Ice cream shops, while not sporting as much competition and possessing lower startup costs and overhead, still may not be the best choice. As Boston is located in the north east of the United States, ice cream is not exactly popular come fall, winter, and early spring. As such, an ice cream shop is a seasonal venue at best. Juice bars, as they tend to serve smoothies, have the same issue, albeit to a lesser degree.

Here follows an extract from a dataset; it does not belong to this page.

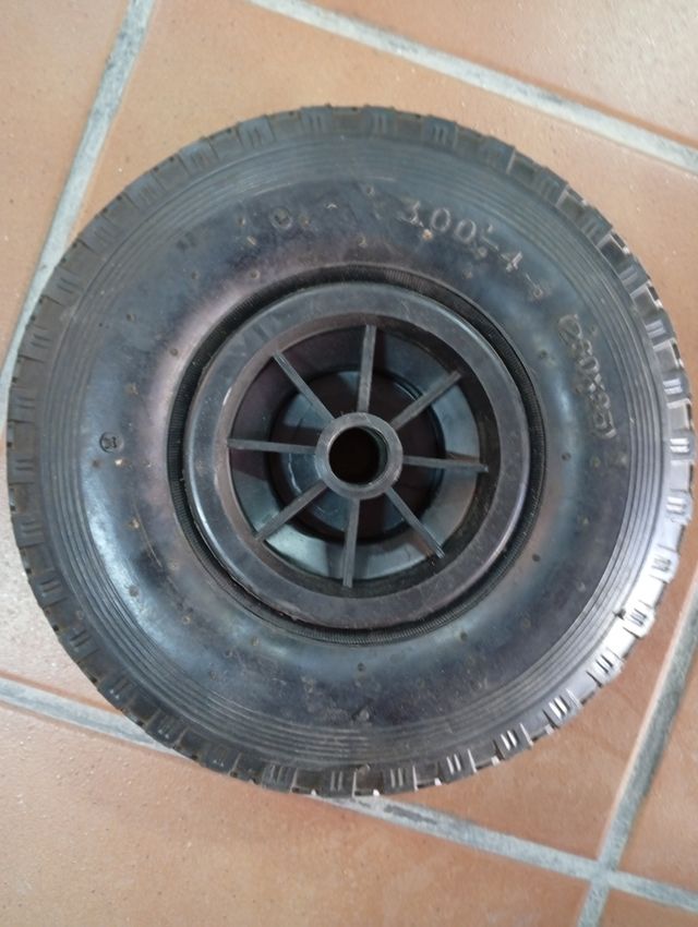 Rueda de repuesto para carretilla o similar, con cámara incluida. - Medida: 3.00-4 (250x85). - Llanta de plástico negro.

This leaves what would probably be the best option: an Italian restaurant. It is not a common enough venue to pose a threat of competition, while being popular enough to ensure there is consumer interest in the area. We also do not need to worry about losing profits in the winter due to the seasonal nature of the venue. Thus, it appears our target area would be Boston's Back Bay neighborhood, and our target restaurant would be an Italian restaurant.